The Namesake –Jhumpa Lahiri
The Namesake is Jhumpa Lahiri’s first novel, which was first published in September 2003 by Houghton Mifflin. Jhumpa Lahiri is Pulitzer-prize winning author for her first book, The Interpreter of Maladies, which was published in 1999. The Namesake has been translated into many other languages, including Bengali and has been adapted into a movie by Mira Nair in September 2006, which stars the late Irrfan Khan and Tabu.

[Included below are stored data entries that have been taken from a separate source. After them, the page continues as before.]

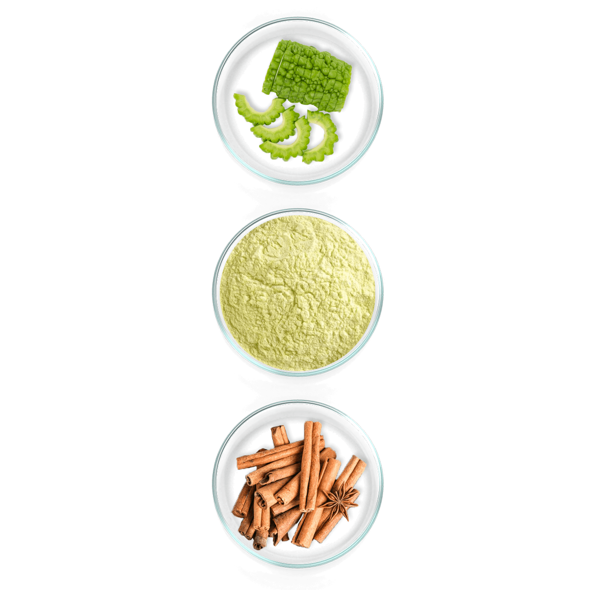 - Ekstrakt gorke dinje – ekstrakt koji se dobija iz ploda gorke dinje – karele (Momordica charantia L.) koji sadrži bioaktivna jedinjenja koja poboljšavaju efikasnost vezivanja insulina za efikasniju distribuciju glukoze u ćelijama i doprinose manjoj apsorpciji šećera iz hrane.
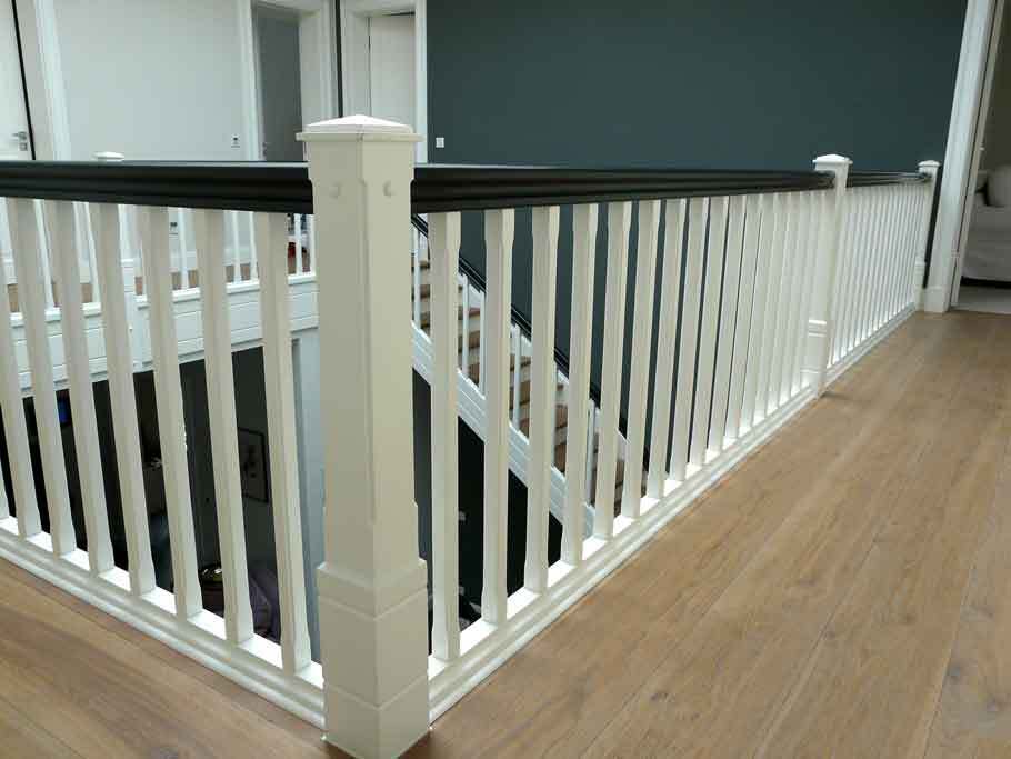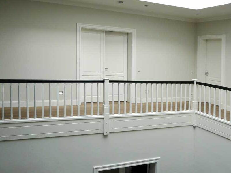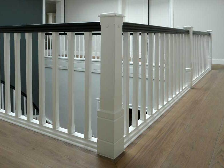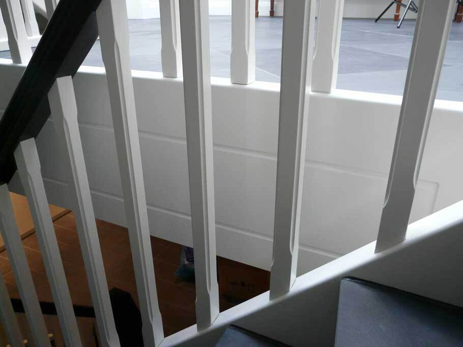 - Wangen, Setzstufen, Stäbe und Pfosten in weiß endlackiert
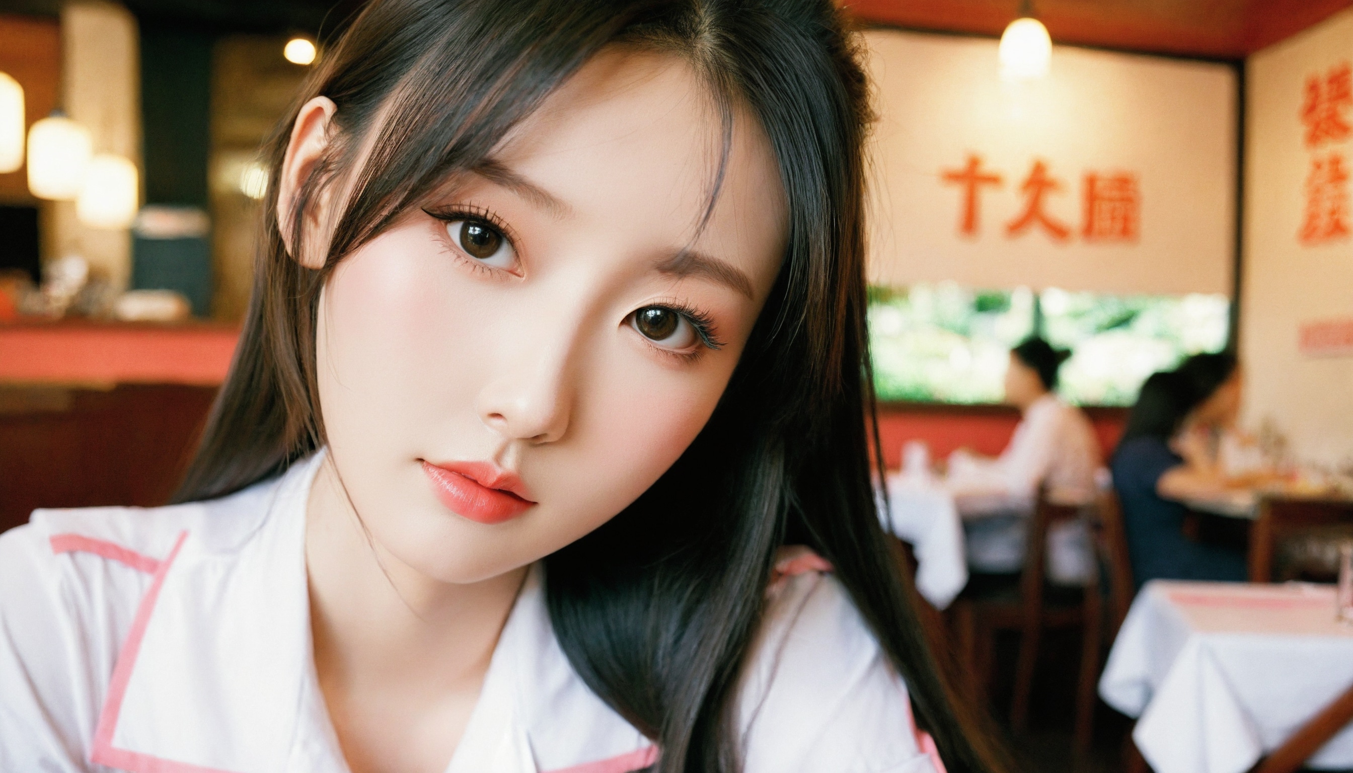 {"3": {"inputs": {"seed": 691311739246940, "steps": 32, "cfg": 6.63, "sampler_name": "dpmpp_2m", "scheduler": "karras", "denoise": 1.0, "model": ["27", 0], "positive": ["6", 0], "negative": ["7", 0], "latent_image": ["5", 0]}, "class_type": "KSampler"}, "4": {"inputs": {"ckpt_name": "leosamsHelloworldSDXL_helloworldSDXL32DPO.safetensors"}, "class_type": "CheckpointLoaderSimple"}, "5": {"inputs": {"width": 1344, "height": 768, "batch_size": 1}, "class_type": "EmptyLatentImage"}, "6": {"inputs": {"text": "19 year old girl, (chinese:0.98), (temptress:1.13), (idol:1.01), (sexy lips:0.98), (seductive pose:1.07), (beautiful eyes:1.01), (slim:0.99), (detailed face:1.11), (eyelashes:1.09), (cute:1.10), (pale skin:1.12), (seductive facial expression:1.04), (blush:1.12), (in a seductive pose:1.10), (large perky breasts:0.95), (cleavage:0.98), (thigh gap:1.01), (a waitress in uniform:0.95) working at a restaurant, (portra:1.00), (candid cinema:1.01), (skin fuzz:1.04), (film:1.08), (natural looking skin:1.00), (soft lighting:1.04), (detailed skin:1.02), (RAW:1.01), (textured skin:1.08)", "clip": ["27", 1]}, "class_type": "CLIPTextEncode"}, "7": {"inputs": {"text": "(watermark:1.12), (low resolution:1.14), (worst quality:1.14), (open mouth:1.05), (twisted:1.13), (bad hands:1.12), (distorted:1.05)", "clip": ["27", 1]}, "class_type": "CLIPTextEncode"}, "8": {"inputs": {"samples": ["3", 0], "vae": ["4", 2]}, "class_type": "VAEDecode"}, "25": {"inputs": {"lora_name": "nudify_xl.safetensors", "strength_model": 0.26, "strength_clip": 0.27, "model": ["4", 0], "clip": ["4", 1]}, "class_type": "LoraLoader"}, "26": {"inputs": {"lora_name": "shirtlift_SDXL_v2.safetensors", "strength_model": 0.03, "strength_clip": 0.0, "model": ["25", 0], "clip": ["25", 1]}, "class_type": "LoraLoader"}, "27": {"inputs": {"lora_name": "PerfectEyesXL.safetensors", "strength_model": 0.18, "strength_clip": 0.1, "model": ["26", 0], "clip": ["26", 1]}, "class_type": "LoraLoader"}, "30": {"inputs": {"model_name": "4x_NMKD-Superscale-SP_178000_G.pth"}, "class_type": "UpscaleModelLoader"}, "31": {"inputs": {"upscale_model": ["30", 0], "image": ["8", 0]}, "class_type": "ImageUpscaleWithModel"}, "32": {"inputs": {"upscale_method": "lanczos", "scale_by": 0.5, "image": ["31", 0]}, "class_type": "ImageScaleBy"}, "33": {"inputs": {"pixels": ["32", 0], "vae": ["4", 2]}, "class_type": "VAEEncode"}, "34": {"inputs": {"seed": 691311739246940, "steps": 32, "cfg": 6.63, "sampler_name": "dpmpp_2m", "scheduler": "karras", "denoise": 0.3, "model": ["27", 0], "positive": ["6", 0], "negative": ["7", 0], "latent_image": ["33", 0]}, "class_type": "KSampler"}, "36": {"inputs": {"samples": ["34", 0], "vae": ["4", 2]}, "class_type": "VAEDecode"}, "39": {"inputs": {"filename_prefix": "comfyapi-1708235296800", "images": ["36", 0]}, "class_type": "SaveImage"}}

It starts in post-Independence, the 1960s, Calcutta, in the house of a common middle-class family, with high dreams. Aashima, the daughter of the household, is a young girl and about to be married off. Her parents are in the process of finding her a groom, even though she is still in college at that time. This was not just common practice then but still continues now. One day she comes home and her mother has arranged her to meet a suitor for her. Aashima doesn’t complain. In moments like these, Lahiri tells us the social situation of those times. The suitor is another Bengali guy called Ashoke Ganguly, one who is studying in the US. The real journey starts from here, but the actual hero of the story is different. Aashima is married to Ashoke, and they move to the States. The couple then has a son, Gogol, and a daughter, Sonia.

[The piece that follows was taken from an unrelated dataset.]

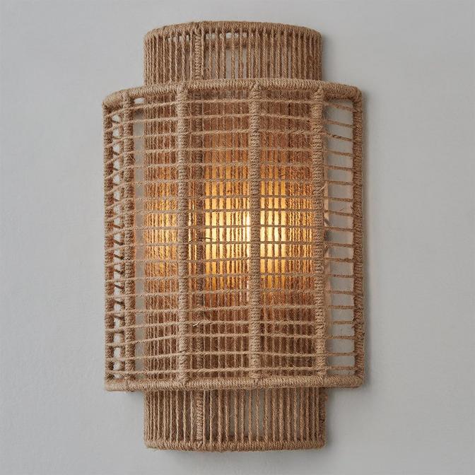 Our Jute Veil Sconce brings new life to nautical style. The layered shades have a jute wrap around the frames with a fun and bold appearance that boasts a calming color tone that will glow in your living room.
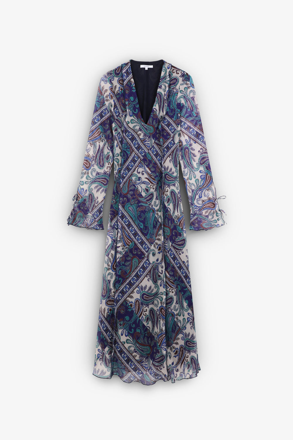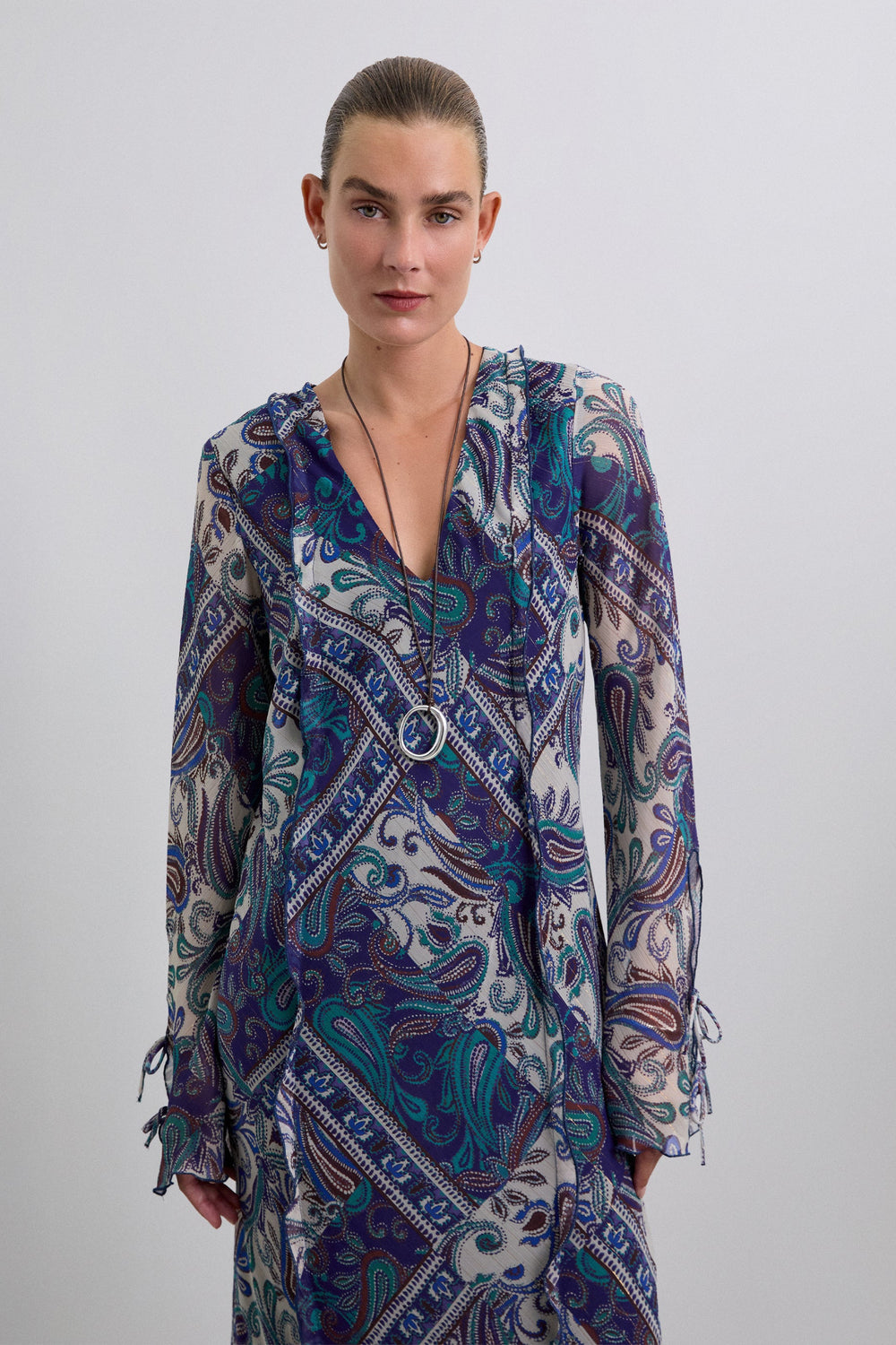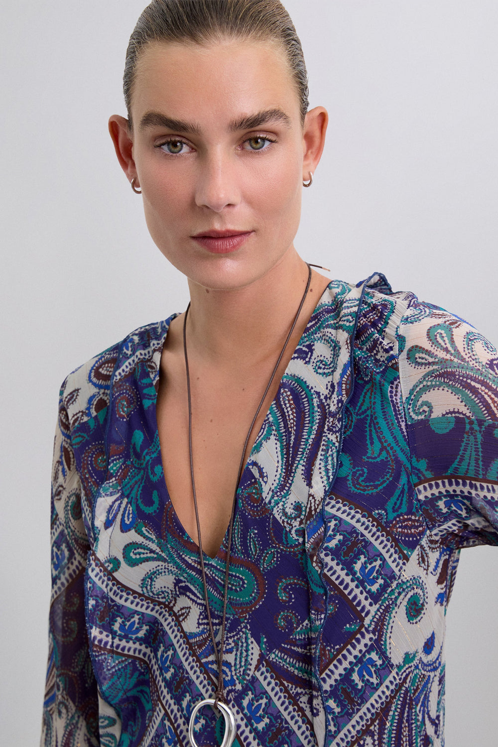 Vestido comprido com padrão paisley confecionado em tecido fluido com fibra metálica. Regular fit, decote em bico. Manga comprida terminada em laço e pormenor de pregas.

The actual hero of the story is this couple’s son, who in a frenzy is named Gogol, after his father’s favourite Russian author, Nikolai Gogol. He, as the name of the book does suggest, is the namesake. The rest of the book revolves around the family’s story in a totally foreign country. The author traces the life of this child, trying to find an identity for himself in a world which doesn’t quite accept him. Like a quintessential second-generation migrant, Gogol tries to discover the two stark different worlds around him, which, unfortunately, his parents are trying to do at the same time too. This is a very confusing situation, which is not at all helped by the choice of name that his parents have given him. Other than the normal teasing and namecalling, Lahiri projects Gogol’s life through the names that he has. The peculiar and arguably even depressing life of an immigrant couple in the early 1970s and 1980s is also displayed in the story. Though some of you may be familiar with immigrant couples, the story here is different. Like today, there are no mobile phones in the story, and the only contact with the relatives back in is by telephone on infrequent occasions and by the scarce letters. The Gangulis do have Bengali friends who live in and around them, and unfortunately, they are their only friends. This transition is especially very difficult for Aashima. Growing up in hot, humid and sunny Calcutta is very very different compared to the dreary, cold and almost always dark environment of Boston. Though the novel’s main focus is on the Namesake, Lahiri gives equal attention to such elements, which are extremely influential in the lives of such families. Herself being the child of such migrant parents, the story that she narrates always feels natural, as if she was recounting her own experiences.
The story advances slowly as Gogol grows up. He enters high school, then college and so forth. In every major step of his life, Gogol has to rename himself, sometimes officially and sometimes just for himself. His names are often linked to who he is in that place or that moment of time. His different names form two different worlds for himself. This contrast between himself and himself is shown to somehow dissuade his pursuit of a search for his own identity. One that he himself has to give to himself, not anyone else. To be frank this is the main question or plotline of the book.
Lahiri’s style of writing this book quite strongly suggests that it is heavily based on experience. Her descriptions of New York and Boston and even Calcutta instantly makes you imagine what it must’ve felt like being there. They are not very long and extensive for no reason, and hence suggest that(once again) she is writing from her own experiences. What made me realize it quite profoundly is her description of the family’s trip to India. Herself having moved to the US at the age of three, she must have experienced it too. Gogol and Sonia for all purposes look like the children of the land that they are in but feel extremely alienated. This particular situation does not require outstanding rhetoric but has to be felt and experienced first hand. That is the greatest strength of this novel.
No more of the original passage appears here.